### Problem to solve
For the records below, output word for word the lines from the one with "它最重磅的意义是:小米成为V" up to and including the one with "La parte superior". No pictures.

### Input records
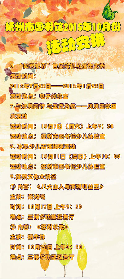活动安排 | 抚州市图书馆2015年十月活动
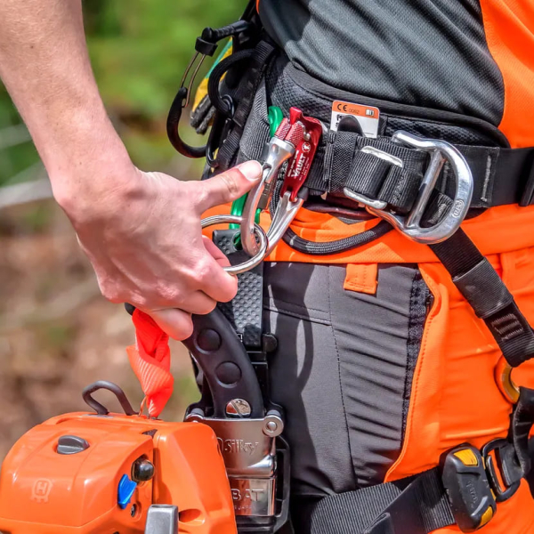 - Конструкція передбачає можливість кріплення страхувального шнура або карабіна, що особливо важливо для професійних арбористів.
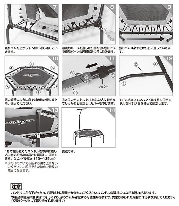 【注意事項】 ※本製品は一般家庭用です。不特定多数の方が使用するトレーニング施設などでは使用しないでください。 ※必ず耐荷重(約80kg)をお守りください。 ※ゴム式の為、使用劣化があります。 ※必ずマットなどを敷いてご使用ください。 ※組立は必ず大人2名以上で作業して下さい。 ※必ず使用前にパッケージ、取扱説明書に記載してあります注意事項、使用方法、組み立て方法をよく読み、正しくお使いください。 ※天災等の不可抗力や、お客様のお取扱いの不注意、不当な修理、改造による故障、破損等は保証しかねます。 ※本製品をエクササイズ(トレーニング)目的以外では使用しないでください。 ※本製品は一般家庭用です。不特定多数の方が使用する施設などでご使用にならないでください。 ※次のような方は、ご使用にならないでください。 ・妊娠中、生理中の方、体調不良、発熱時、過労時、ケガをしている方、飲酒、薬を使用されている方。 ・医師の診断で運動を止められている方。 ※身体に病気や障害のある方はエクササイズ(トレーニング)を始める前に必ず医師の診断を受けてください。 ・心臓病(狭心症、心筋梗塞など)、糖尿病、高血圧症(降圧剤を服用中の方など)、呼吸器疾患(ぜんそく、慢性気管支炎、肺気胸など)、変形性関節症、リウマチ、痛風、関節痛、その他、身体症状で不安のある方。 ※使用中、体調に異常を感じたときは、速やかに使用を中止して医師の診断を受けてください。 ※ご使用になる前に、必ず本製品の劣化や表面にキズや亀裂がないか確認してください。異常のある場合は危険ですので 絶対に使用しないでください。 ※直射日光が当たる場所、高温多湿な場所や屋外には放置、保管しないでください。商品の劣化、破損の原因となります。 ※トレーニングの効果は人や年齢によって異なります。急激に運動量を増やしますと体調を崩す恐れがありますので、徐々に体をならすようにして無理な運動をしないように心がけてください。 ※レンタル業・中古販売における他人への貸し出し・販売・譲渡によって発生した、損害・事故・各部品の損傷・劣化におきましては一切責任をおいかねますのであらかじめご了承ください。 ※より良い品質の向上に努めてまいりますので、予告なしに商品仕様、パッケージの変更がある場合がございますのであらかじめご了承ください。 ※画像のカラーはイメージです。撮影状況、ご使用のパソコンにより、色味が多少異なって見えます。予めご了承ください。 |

* * *

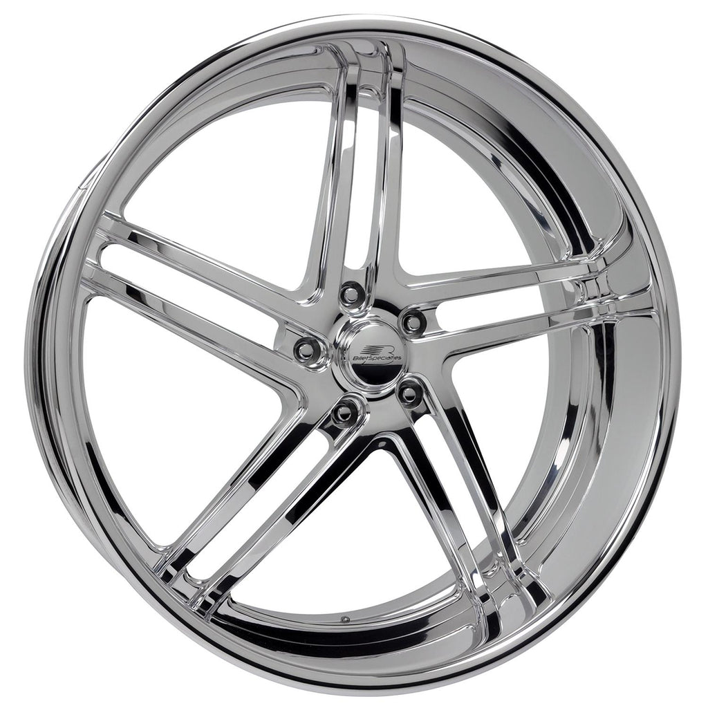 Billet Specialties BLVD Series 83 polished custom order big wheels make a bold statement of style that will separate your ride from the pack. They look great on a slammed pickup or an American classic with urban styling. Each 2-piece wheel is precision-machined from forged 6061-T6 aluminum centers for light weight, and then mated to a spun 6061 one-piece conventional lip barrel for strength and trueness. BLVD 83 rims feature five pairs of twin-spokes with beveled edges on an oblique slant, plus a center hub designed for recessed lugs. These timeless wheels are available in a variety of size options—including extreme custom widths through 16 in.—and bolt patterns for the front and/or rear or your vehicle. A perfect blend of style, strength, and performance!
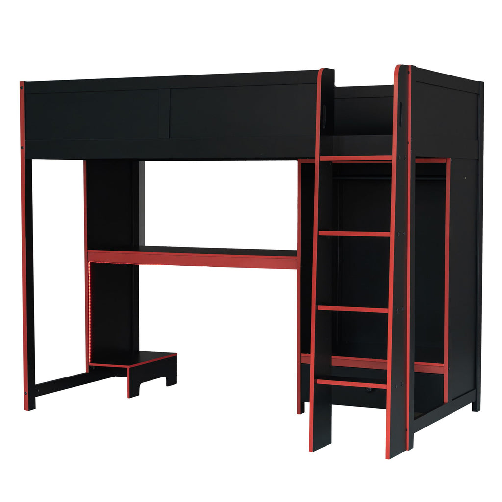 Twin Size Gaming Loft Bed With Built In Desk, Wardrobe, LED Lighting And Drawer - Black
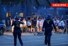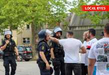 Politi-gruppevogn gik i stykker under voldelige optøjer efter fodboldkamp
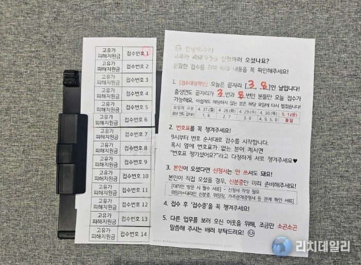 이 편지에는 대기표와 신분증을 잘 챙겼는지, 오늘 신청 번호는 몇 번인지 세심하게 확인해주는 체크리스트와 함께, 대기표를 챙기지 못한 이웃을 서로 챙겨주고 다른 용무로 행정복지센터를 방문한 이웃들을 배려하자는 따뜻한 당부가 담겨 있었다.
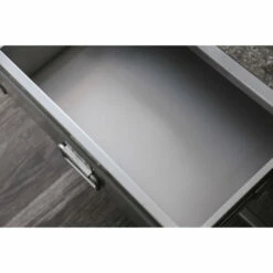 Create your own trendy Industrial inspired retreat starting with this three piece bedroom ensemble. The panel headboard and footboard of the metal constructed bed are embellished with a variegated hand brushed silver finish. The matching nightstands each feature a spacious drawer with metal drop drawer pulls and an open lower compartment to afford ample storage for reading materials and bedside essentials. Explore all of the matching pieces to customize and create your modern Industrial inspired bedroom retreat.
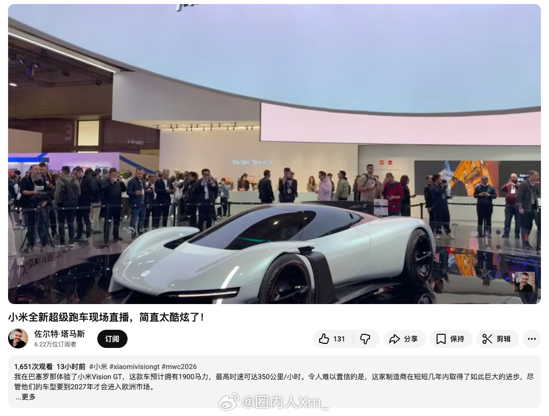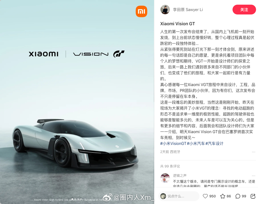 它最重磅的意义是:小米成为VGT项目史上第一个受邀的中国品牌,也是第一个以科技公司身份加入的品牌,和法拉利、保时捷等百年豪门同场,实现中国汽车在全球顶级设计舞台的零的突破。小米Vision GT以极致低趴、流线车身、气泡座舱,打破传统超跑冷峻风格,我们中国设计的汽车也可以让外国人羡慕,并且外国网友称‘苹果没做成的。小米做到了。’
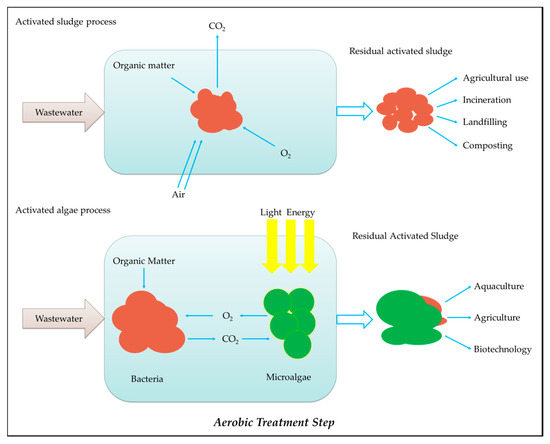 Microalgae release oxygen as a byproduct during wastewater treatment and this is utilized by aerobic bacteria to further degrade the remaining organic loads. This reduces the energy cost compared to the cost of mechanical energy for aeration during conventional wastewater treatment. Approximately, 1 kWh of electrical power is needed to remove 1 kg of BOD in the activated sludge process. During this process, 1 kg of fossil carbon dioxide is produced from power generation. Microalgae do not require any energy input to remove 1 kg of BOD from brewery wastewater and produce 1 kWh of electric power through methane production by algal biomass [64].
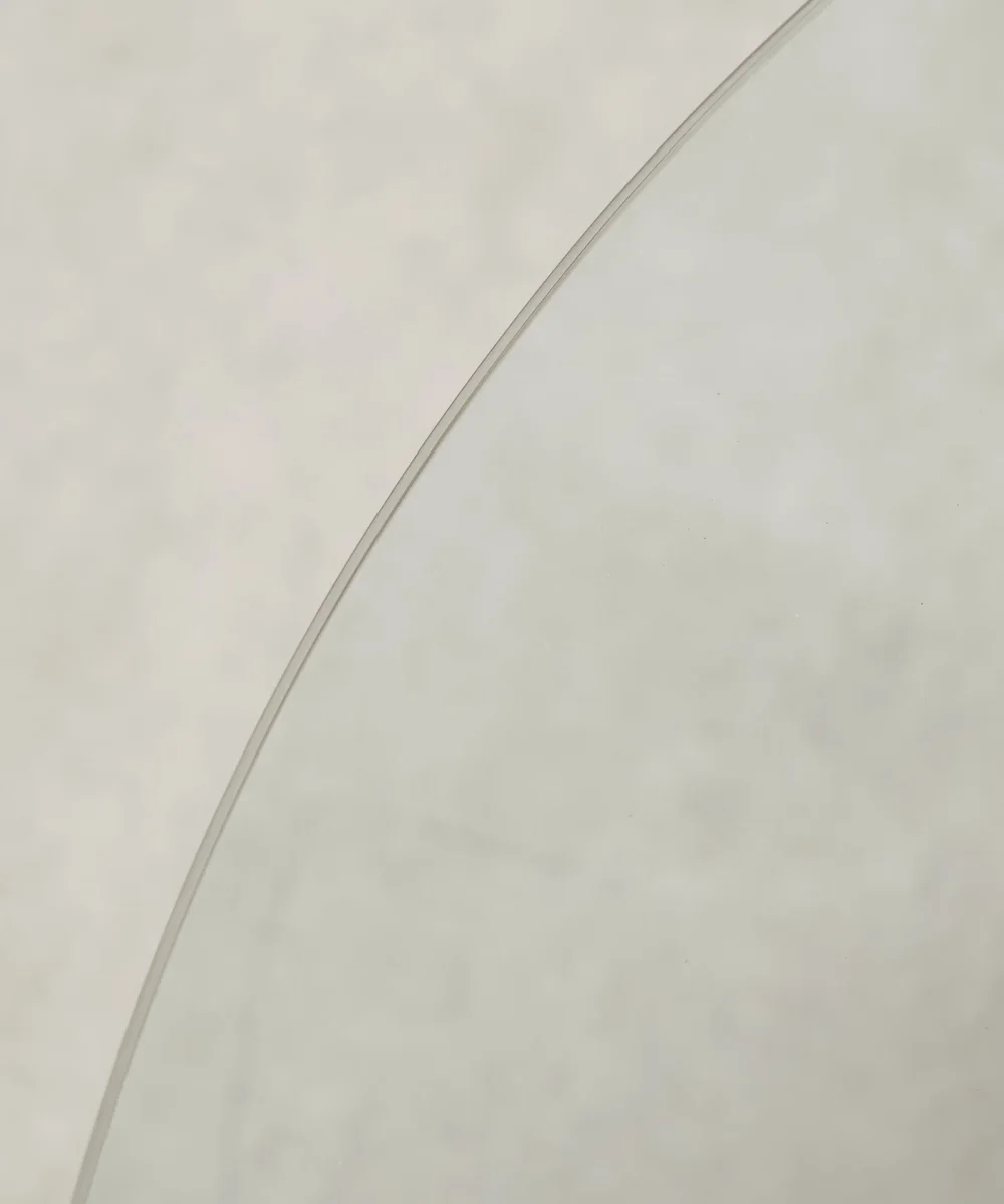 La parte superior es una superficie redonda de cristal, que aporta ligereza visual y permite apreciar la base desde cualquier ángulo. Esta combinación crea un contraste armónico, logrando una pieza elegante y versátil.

### Answer box
 它最重磅的意义是:小米成为VGT项目史上第一个受邀的中国品牌,也是第一个以科技公司身份加入的品牌,和法拉利、保时捷等百年豪门同场,实现中国汽车在全球顶级设计舞台的零的突破。小米Vision GT以极致低趴、流线车身、气泡座舱,打破传统超跑冷峻风格,我们中国设计的汽车也可以让外国人羡慕,并且外国网友称‘苹果没做成的。小米做到了。’
 Microalgae release oxygen as a byproduct during wastewater treatment and this is utilized by aerobic bacteria to further degrade the remaining organic loads. This reduces the energy cost compared to the cost of mechanical energy for aeration during conventional wastewater treatment. Approximately, 1 kWh of electrical power is needed to remove 1 kg of BOD in the activated sludge process. During this process, 1 kg of fossil carbon dioxide is produced from power generation. Microalgae do not require any energy input to remove 1 kg of BOD from brewery wastewater and produce 1 kWh of electric power through methane production by algal biomass [64].
 La parte superior es una superficie redonda de cristal, que aporta ligereza visual y permite apreciar la base desde cualquier ángulo. Esta combinación crea un contraste armónico, logrando una pieza elegante y versátil.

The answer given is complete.